Они откинули одеяло. Пол увидел, мать, как девочка, свернулась калачиком в своей фланелевой ночной рубашке. Они быстро разгладили одну сторону постели, потом другую, натянули ночную рубашку поверх маленьких ножек и закрыли ее одеялом.
— Ну вот, — сказал Пол, нежно поглаживая ее. — Ну вот!.. теперь уснешь.

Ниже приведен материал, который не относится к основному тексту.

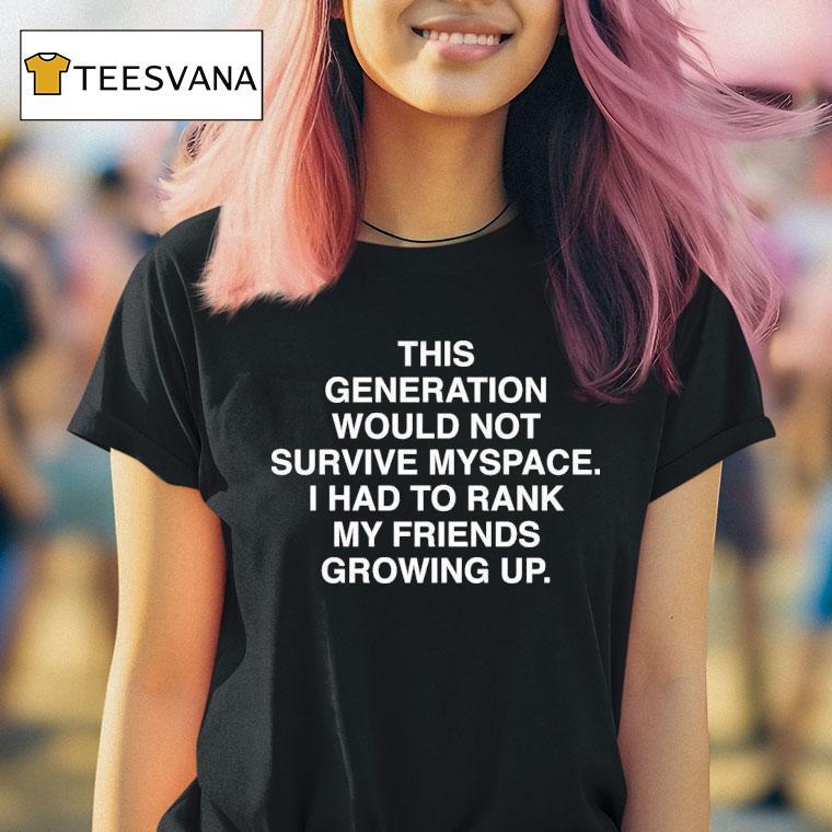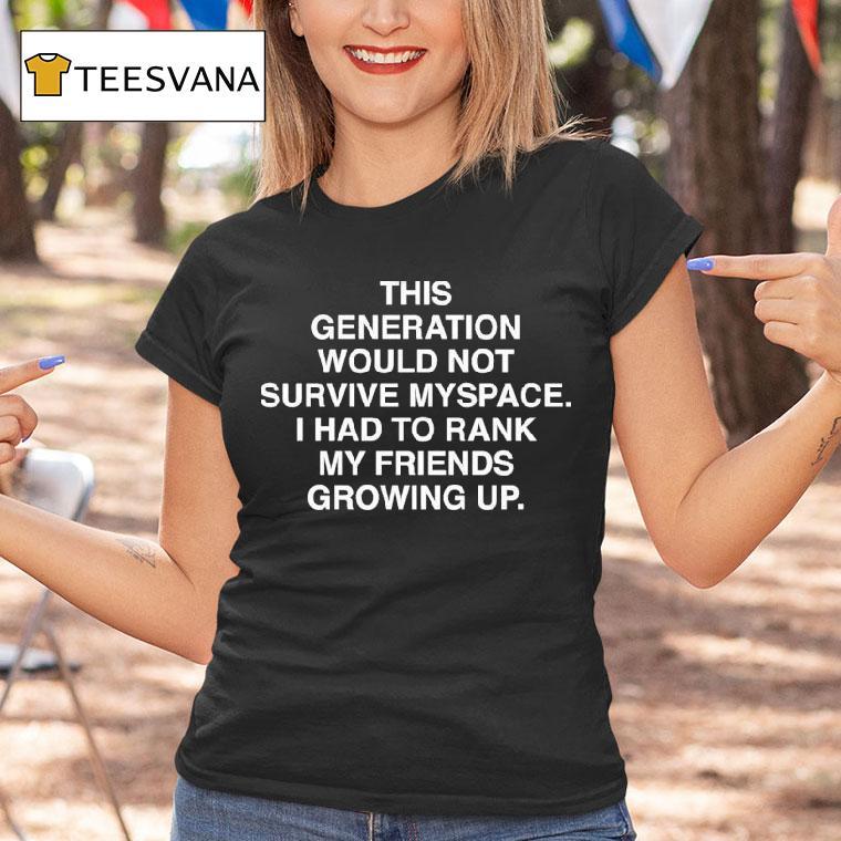Dress it up, dress it down with This Generation Would Not Survived Myspace I Had To Rank My Friends Growing Up Shirt, growing up in the era of Myspace, ranking friends on your top 8 was a serious business. But with today’s generation, it’s hard to imagine them surviving the drama and pressure that came with this social media platform. Now, it’s all about wearing the nostalgic “Myspace ranked friends” shirt.

— Да, — согласилась она. — Я не думала, что вы так ловко сумеете привести в порядок постель, — почти весело прибавила она. Потом свернулась калачиком, подложила руку под щеку, голову уютно втянула в плечи. Пол уложил ее длинную, тоненькую косичку на плечо и поцеловал мать.
— Ты уснешь, моя хорошая, — сказал он.
— Да, — доверчиво согласилась она. — Покойной ночи.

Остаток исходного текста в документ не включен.